• [YOUR GOAL] The expected copy holds every entry exactly and none of the pictures.

• [EXTRACTED RECORDS]

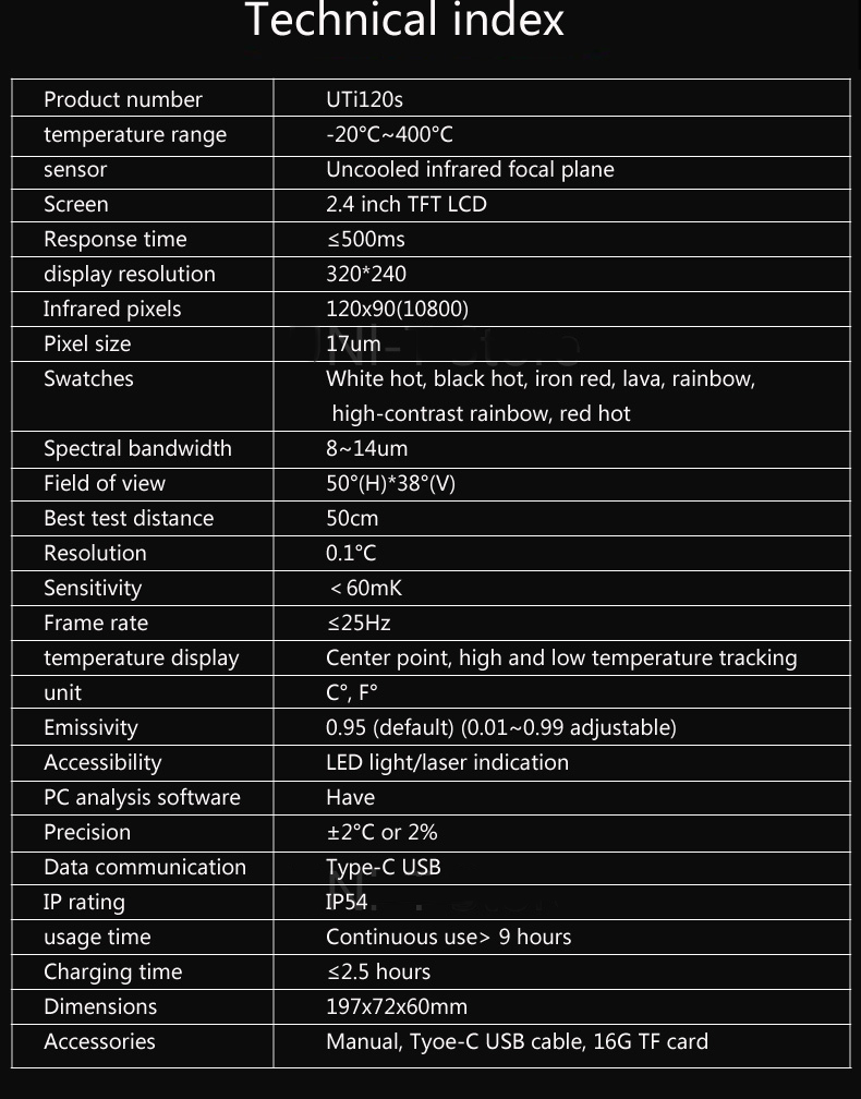 > Possui uma tela LCD colorida integrada para visualização instantânea das imagens térmicas e análise de dados. Taxa de quadros rápida, o que significa que pode exibir imagens térmicas em tempo real sem quase atraso.
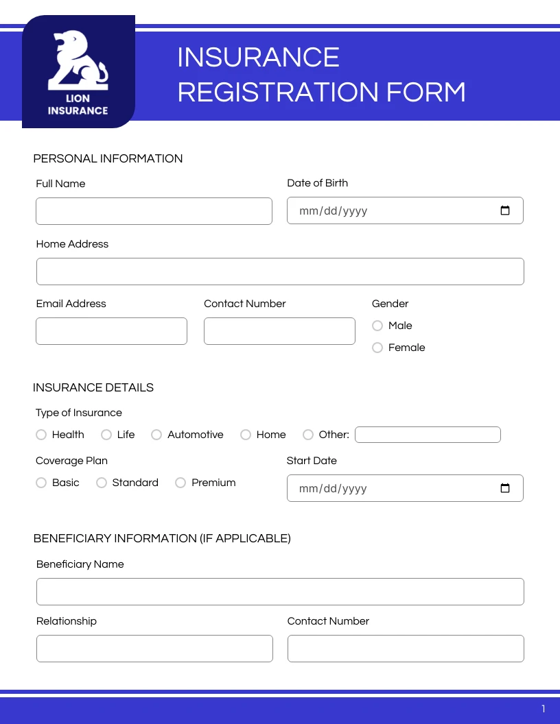 Free Insurance Form Templates Venngage
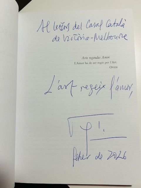 Finalment, també volem agrair el llibre de Vicenç Altaió, especialment dedicat al Casal, que en Joan ens va regalar, un record molt especial d’aquesta vetllada.
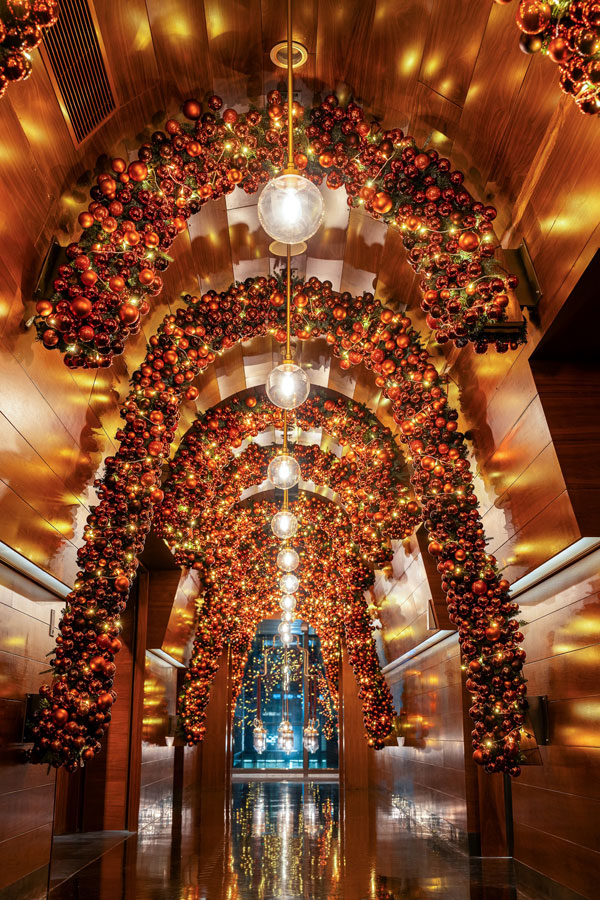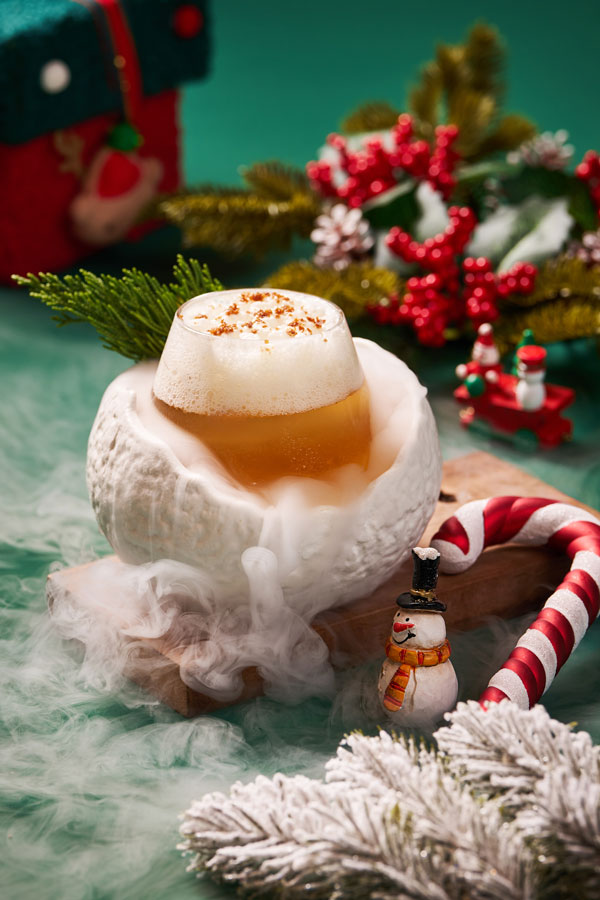 同时,位于酒店四层的1515酒吧限时节日空间——奇迹酒吧(Miracle Bar)升级回归,整个空间以红色与白色的圣诞装饰交织包围,如同梦幻的糖果云朵屋,氛围浓郁。酒吧呈现四款特调鸡尾酒与六款缤纷小食。除了经典的“圣诞热红酒”,调酒师更以传统冬季饮品为灵感,创新演绎出“不同寻常的蛋奶酒”、“圣诞礼物”等鸡尾酒。宾客还可选择搭配牛肋排三明治、南瓜帕玛臣芝士炸饭团等多款风味小食。酒吧还特别推出节日下午茶,烤苹果芝士蛋糕、甜薯蒙布朗挞、薄荷飞鱼籽蟹肉卷、法式酥盒配各式蘑菇等色彩缤纷的咸甜西点分布在圣诞红的下午茶盒中。打开如同礼物盒的下午茶盒,啜饮一杯节日特调饮品,宾客可尽享冬日甜蜜午后。
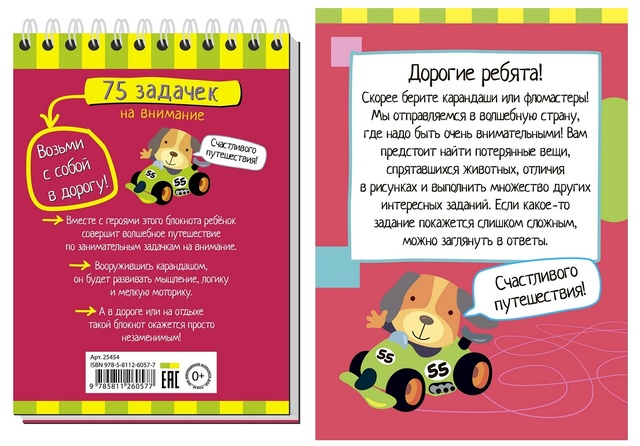Открыв этот блокнот, ребёнок попадёт в волшебную страну с задачками на внимание. Вооружившись карандашом, он будет искать спрятанные предметы, отличия в рисунках, ошибки художника, составлять пазлы и одновременно развивать внимание, мелкую моторику и мышление. А в дороге или на отдыхе такой блокнот будет просто незаменим. Адресовано детям от 5 лет.
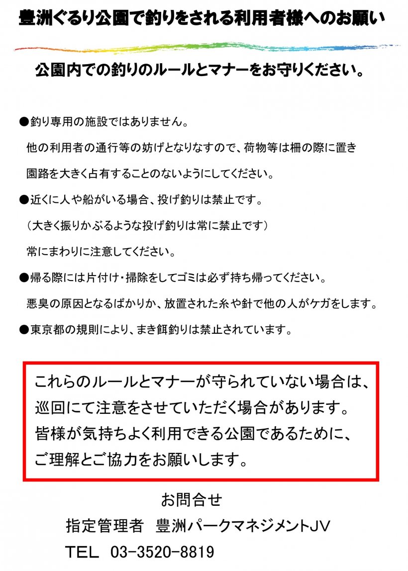 豊洲ぐるり公園で釣りをされる利用者様へのお願い
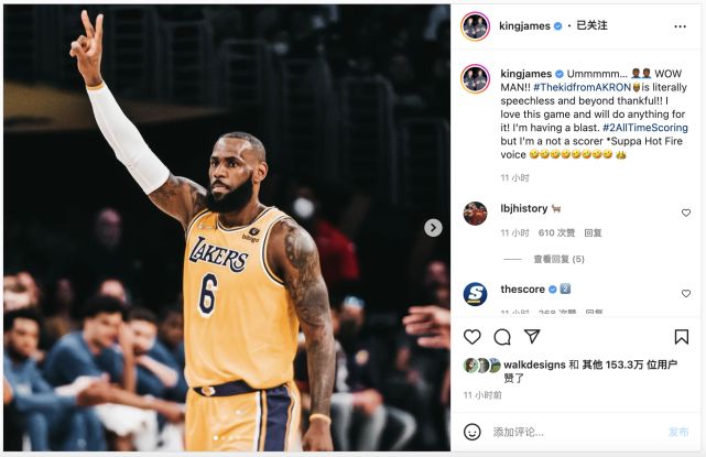 而在总得分超越名宿卡尔-马龙并且位居联盟第二位之后,詹姆斯也在社交媒体上谈及这一荣誉:
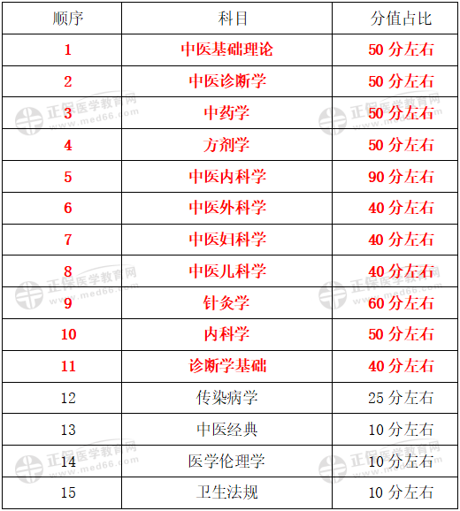以下為中醫(yī)執(zhí)業(yè)醫(yī)師科目分值比例,僅供參考:
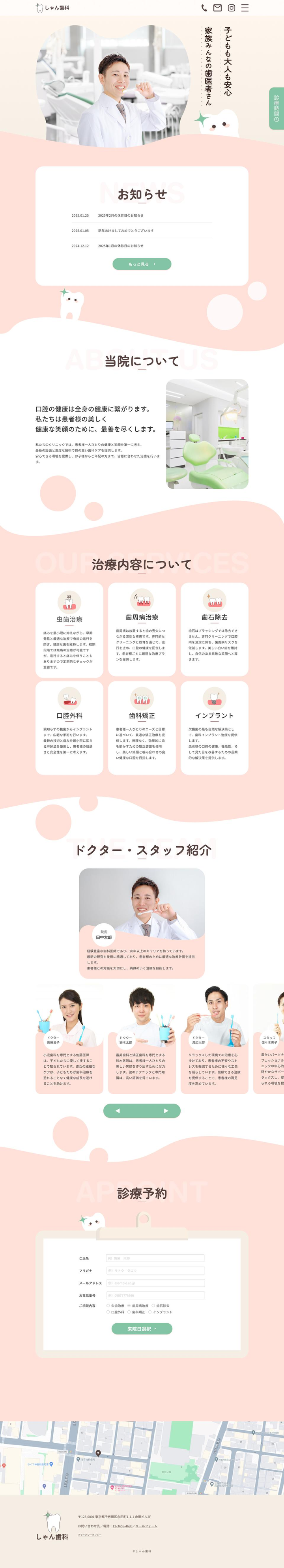 FigmaとPhotoshopを使用しました! 「家族全員が安心して通える歯科医院」をテーマに、子供を持つ家庭に寄り添った温かみのあるデザインで仕上げたこのHPは、視覚的な楽しさと使いやすさを両立させています! コーラルピンクを基調としたカラーパレットに、ミントグリーンのアクセントを加えることで、親しみやすさと清潔感を同時に伝え、来院への心理的ハードルを下げる工夫を凝らしています! ファーストビューには、歯のシルエットをキャラクター化したロゴが愛らしく配置され、乳歯をイメージすることで、小さなお子様から大人まで安心していただけるようにデザインしました!キャッチコピーとともに、ポップで親しみやすい印象を強調し、家族全員が気軽に通える雰囲気を出しています! 機能面にもこだわり、ペライチのプラットフォームを活用することで、患者様がストレスなく予約できるスムーズな導線を実現しました! 診療内容や予約方法は直感的に理解できるレイアウトで整理し、初めての方でも迷わず必要な情報にたどり着ける設計です!お子様の初めての歯医者体験を前向きにし、家族全員が笑顔で通える場所としての魅力を最大限に引き出しています! このHPは、単なる情報提供にとどまらず、歯科医院の温かみと安心感をデザインの細部まで反映しています!家族全員に優しく寄り添う歯科医院としてのブランドを視覚的に表現し、患者様との信頼関係を築くサポートをします!
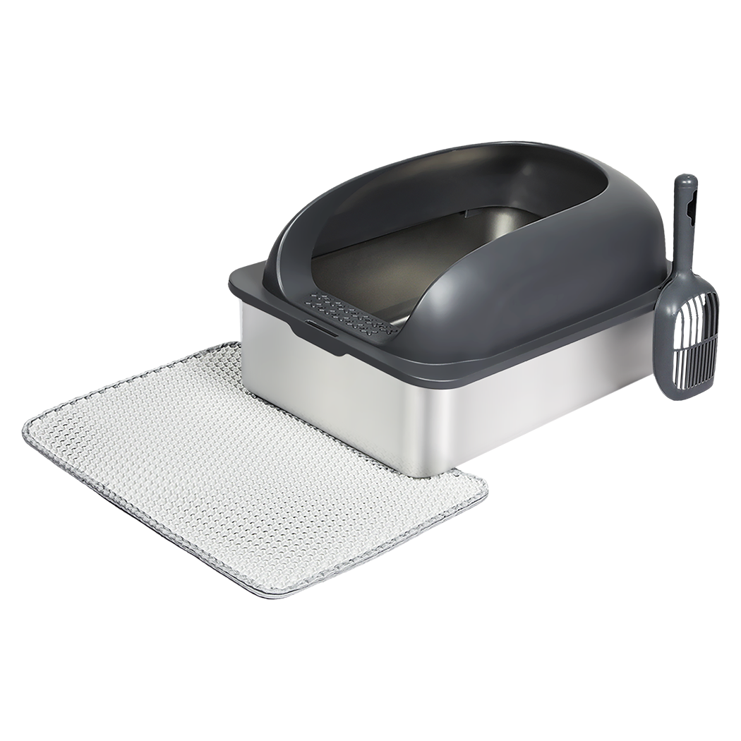 The arc-shaped, open design promotes airflow, reducing odor buildup for a fresher environment. Equipped with a widened double-layer mat, it filters out stray litter to keep floors mess-free. With a large 20L capacity and a 15cm high splash guard, it’s perfect for reducing litter scatter—even in multi-cat households. Plus, the anti-slip pads on the base ensure stability.
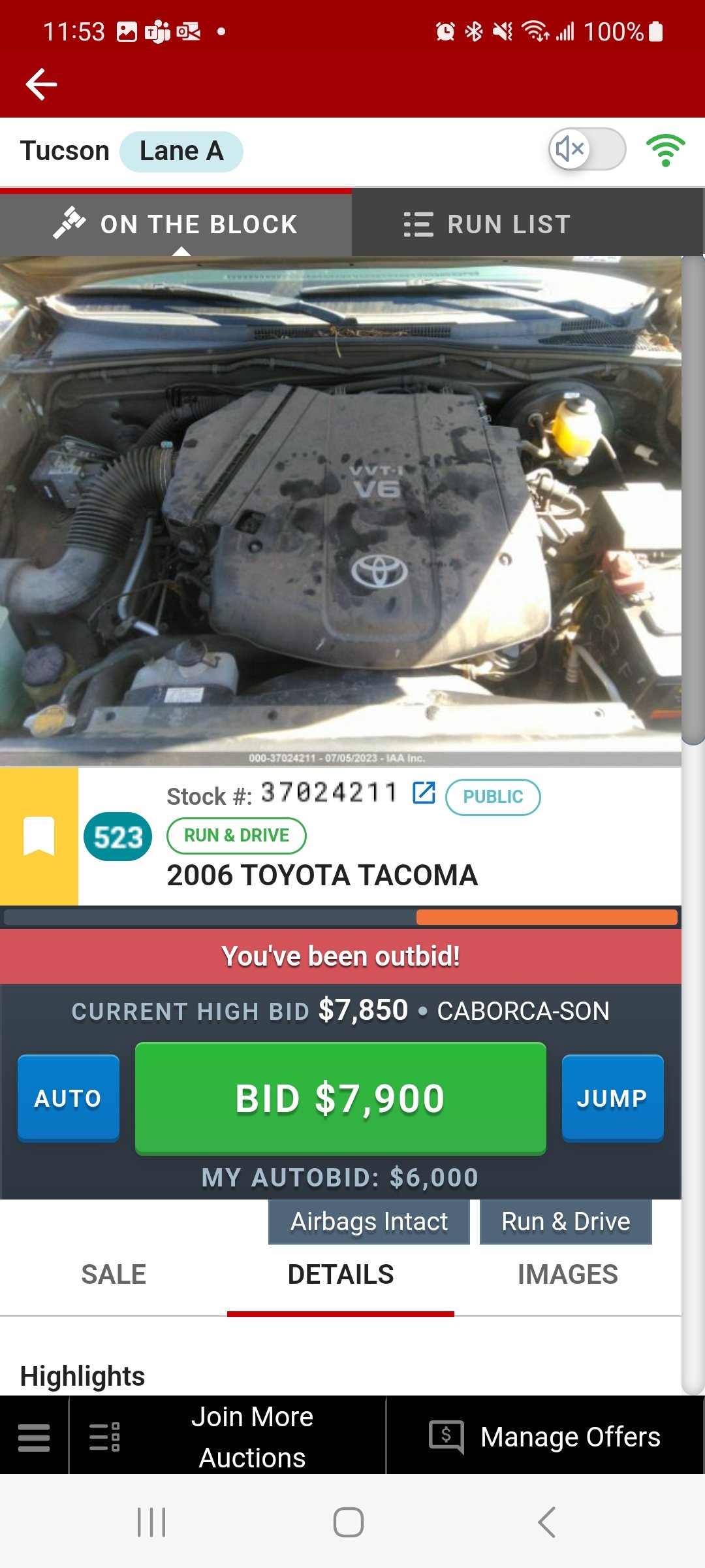 There was a Ford F150 that went for about five grand that I liked more than this toyota but I didn’t bid on it because I didn’t want to win two trucks. We will keep trying.
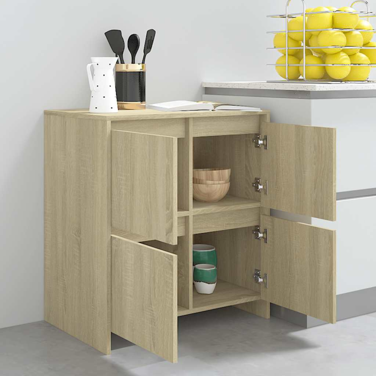 This sideboard, featuring a minimalist design, is meant to be a practical as well as an exceptionally decorative addition to your home. With 4 doors, the side cabinet provides ample storage space for books, multimedia appliances and other items. The sturdy tabletop is ideal for displaying decorative objects, photo frames, and potted plants. Additionally, the storage cabinet is easy to clean with a damp cloth.
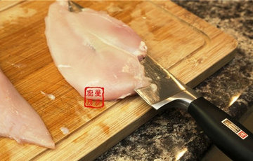 1、先将鸡胸肉洗净,擦干,对半切开,注意最后别切断,这样可以对半摊开成为一大片鸡肉。
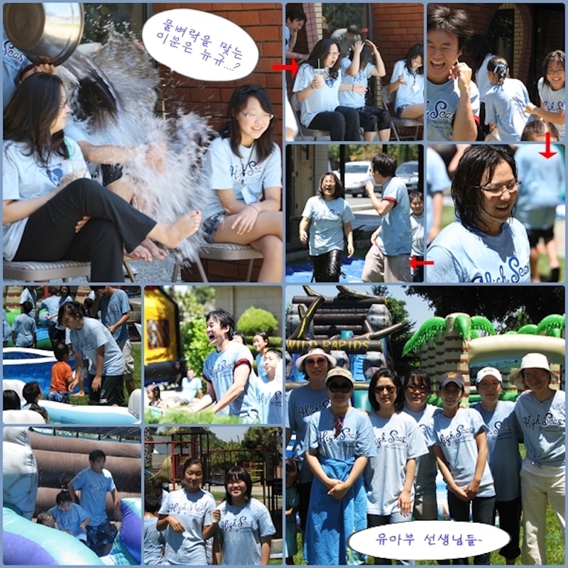 개구쟁이(^^) 초등부 이우민 전도사님께서 Youth 담당 조선애 목사님께 수고하셨다며 물 세례를 듬뿍주시며

• [FINISHED EXERCISE]
 > Possui uma tela LCD colorida integrada para visualização instantânea das imagens térmicas e análise de dados. Taxa de quadros rápida, o que significa que pode exibir imagens térmicas em tempo real sem quase atraso.
 Free Insurance Form Templates Venngage
 Finalment, també volem agrair el llibre de Vicenç Altaió, especialment dedicat al Casal, que en Joan ens va regalar, un record molt especial d’aquesta vetllada.
 同时,位于酒店四层的1515酒吧限时节日空间——奇迹酒吧(Miracle Bar)升级回归,整个空间以红色与白色的圣诞装饰交织包围,如同梦幻的糖果云朵屋,氛围浓郁。酒吧呈现四款特调鸡尾酒与六款缤纷小食。除了经典的“圣诞热红酒”,调酒师更以传统冬季饮品为灵感,创新演绎出“不同寻常的蛋奶酒”、“圣诞礼物”等鸡尾酒。宾客还可选择搭配牛肋排三明治、南瓜帕玛臣芝士炸饭团等多款风味小食。酒吧还特别推出节日下午茶,烤苹果芝士蛋糕、甜薯蒙布朗挞、薄荷飞鱼籽蟹肉卷、法式酥盒配各式蘑菇等色彩缤纷的咸甜西点分布在圣诞红的下午茶盒中。打开如同礼物盒的下午茶盒,啜饮一杯节日特调饮品,宾客可尽享冬日甜蜜午后。
Открыв этот блокнот, ребёнок попадёт в волшебную страну с задачками на внимание. Вооружившись карандашом, он будет искать спрятанные предметы, отличия в рисунках, ошибки художника, составлять пазлы и одновременно развивать внимание, мелкую моторику и мышление. А в дороге или на отдыхе такой блокнот будет просто незаменим. Адресовано детям от 5 лет.
 豊洲ぐるり公園で釣りをされる利用者様へのお願い
 而在总得分超越名宿卡尔-马龙并且位居联盟第二位之后,詹姆斯也在社交媒体上谈及这一荣誉:
以下為中醫(yī)執(zhí)業(yè)醫(yī)師科目分值比例,僅供參考:
 FigmaとPhotoshopを使用しました! 「家族全員が安心して通える歯科医院」をテーマに、子供を持つ家庭に寄り添った温かみのあるデザインで仕上げたこのHPは、視覚的な楽しさと使いやすさを両立させています! コーラルピンクを基調としたカラーパレットに、ミントグリーンのアクセントを加えることで、親しみやすさと清潔感を同時に伝え、来院への心理的ハードルを下げる工夫を凝らしています! ファーストビューには、歯のシルエットをキャラクター化したロゴが愛らしく配置され、乳歯をイメージすることで、小さなお子様から大人まで安心していただけるようにデザインしました!キャッチコピーとともに、ポップで親しみやすい印象を強調し、家族全員が気軽に通える雰囲気を出しています! 機能面にもこだわり、ペライチのプラットフォームを活用することで、患者様がストレスなく予約できるスムーズな導線を実現しました! 診療内容や予約方法は直感的に理解できるレイアウトで整理し、初めての方でも迷わず必要な情報にたどり着ける設計です!お子様の初めての歯医者体験を前向きにし、家族全員が笑顔で通える場所としての魅力を最大限に引き出しています! このHPは、単なる情報提供にとどまらず、歯科医院の温かみと安心感をデザインの細部まで反映しています!家族全員に優しく寄り添う歯科医院としてのブランドを視覚的に表現し、患者様との信頼関係を築くサポートをします!
 The arc-shaped, open design promotes airflow, reducing odor buildup for a fresher environment. Equipped with a widened double-layer mat, it filters out stray litter to keep floors mess-free. With a large 20L capacity and a 15cm high splash guard, it’s perfect for reducing litter scatter—even in multi-cat households. Plus, the anti-slip pads on the base ensure stability.
 There was a Ford F150 that went for about five grand that I liked more than this toyota but I didn’t bid on it because I didn’t want to win two trucks. We will keep trying.
 This sideboard, featuring a minimalist design, is meant to be a practical as well as an exceptionally decorative addition to your home. With 4 doors, the side cabinet provides ample storage space for books, multimedia appliances and other items. The sturdy tabletop is ideal for displaying decorative objects, photo frames, and potted plants. Additionally, the storage cabinet is easy to clean with a damp cloth.
 1、先将鸡胸肉洗净,擦干,对半切开,注意最后别切断,这样可以对半摊开成为一大片鸡肉。
 개구쟁이(^^) 초등부 이우민 전도사님께서 Youth 담당 조선애 목사님께 수고하셨다며 물 세례를 듬뿍주시며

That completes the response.